Each fiscal year, the Secretary of Revenue shall transfer at the end of each quarter from the State sales and use tax net collections received by the Department of Revenue under Article 5 of Chapter 105 of the General Statutes to the State Treasurer for the State Public School Fund, one-fourth of the amount transferred the preceding fiscal year plus or minus the percentage of that amount by which the total collection of State sales and use taxes increased or decreased during the preceding fiscal year. (2005-276, s. 7.51(b).)
§ 105-164.44I. Distribution of part of sales tax on video programming service and telecommunications service to counties and cities.
(a) Distribution. - The Secretary must distribute to the counties and cities part of the taxes imposed by G.S. 105-164.4(a)(4c) on telecommunications service and G.S. 105-164.4(a)(6) on video programming service. The Secretary must make the distribution within 75 days after the end of each calendar quarter. The amount the Secretary must distribute is the sum of the revenue listed in this subsection. From this amount, the Secretary must first make the distribution required by subsection (b) of this section and then distribute the remainder in accordance with subsections (c) and (d) of this section. The revenue to be distributed under this section consists of the following:
(1) The amount specified in G.S. 105-164.44F(a)(2).
(2) Twenty three and six tenths percent (23.6%) of the net proceeds of the taxes collected during the quarter on video programming, other than on direct-to-home satellite service.
(3) Thirty-seven and one tenths percent (37.1%) of the net proceeds of the taxes collected during the quarter on direct-to-home satellite service.
(b) Supplemental PEG Channel Support. - G.S. 105-164.44J sets out the requirements for receipt by a county or city of supplemental PEG channel support funds distributed under this subsection. The Secretary must include the applicable amount of supplemental PEG channel support in each quarterly distribution to a county or city. The amount to include is one-fourth of the share of each qualifying PEG channel certified by the city or county under G.S. 105-164.44J. The share of each certified PEG channel is the sum of four million dollars ($4,000,000) and the amount of any funds returned to the Secretary in the prior fiscal year under G.S. 105-164.44J(d) divided by the number of PEG channels certified under G.S. 105-164.44J. A county or city may not receive PEG channel support under this subsection for more than three qualifying PEG channels.
For purposes of this subsection, the term "qualifying PEG channel" has the same meaning as in G.S. 105-164.44J.
(c) 2006-2007 Fiscal Year Distribution. - The share of a county or city is its proportionate share of the amount to be distributed to all counties and cities under this subsection. The proportionate share of a county or city is the base amount for the county or city compared to the base amount for all other counties and cities. The base amount of a county or city that did not impose a cable franchise tax under G.S. 153A-154 or G.S. 160A-214 before July 1, 2006, is two dollars ($2.00) times the most recent annual population estimate for that county or city. The base amount of a county or city that imposed a cable franchise tax under either G.S. 153A-154 or G.S. 160A-214 before July 1, 2006, is the amount of cable franchise tax and subscriber fee revenue the county or city certifies to the Secretary that it imposed during the first six months of the 2006-2007 fiscal year. A county or city must make this certification by March 15, 2007. The certification must specify the amount of revenue that is derived from the cable franchise tax and the amount that is derived from the subscriber fee.
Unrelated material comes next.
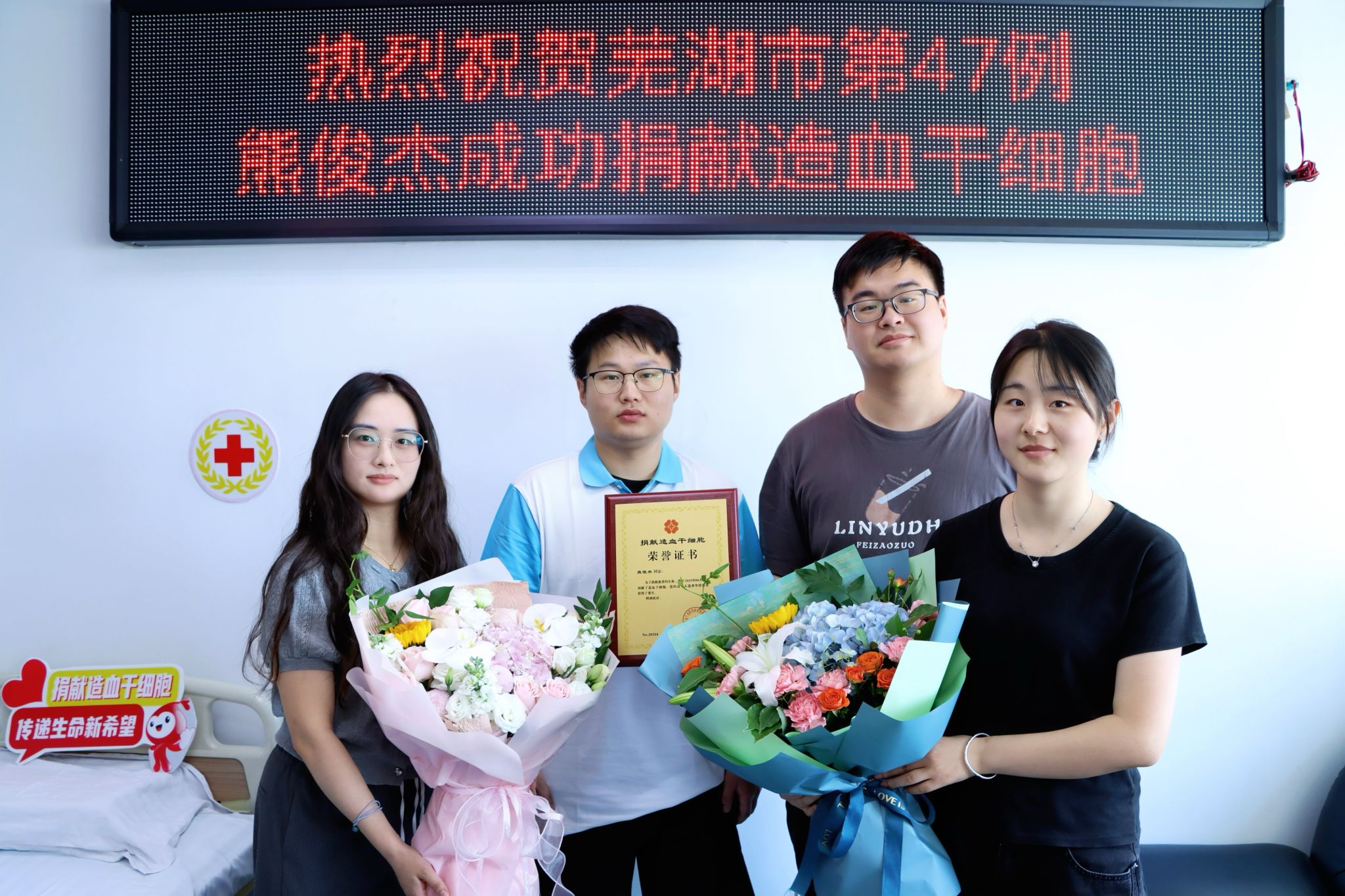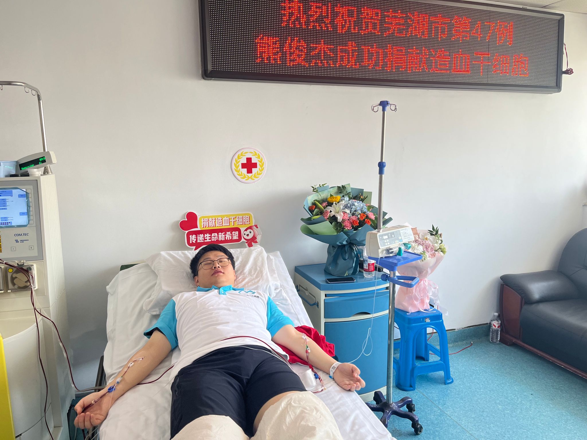 6月16日,在我校第一附属医院血液科病房,一场关乎生命延续的"爱心接力"温暖上演——我校2020级临床医学专业学生熊俊杰成功完成造血干细胞捐献,为一名血液病患者点燃重生希望。他不仅成为我校第5例在校生捐献者,更以芜湖市第47例、安徽省第766例捐献者的身份,为生命接力事业添上浓墨重彩的一笔。

(c1) Revised Certification. - If a county or city determines that the amount of cable franchise tax it imposed during the first six months of the 2006-2007 fiscal year differs from the amount certified to the Secretary under subsection (c) of this section, the county or city may submit a new certification to the Secretary revising the amount. For distributions for quarters beginning on or after October 1, 2007, the Secretary must determine the proportionate share of a county or city based upon certifications submitted on or before October 1, 2007. For distributions for quarters beginning on or after April 1, 2008, the Secretary must determine the proportionate share of a county or city based upon certifications submitted on or before April 1, 2008. Certifications submitted after April 1, 2008, may not be used to adjust a county's or city's base amount under subsection (c) of this section.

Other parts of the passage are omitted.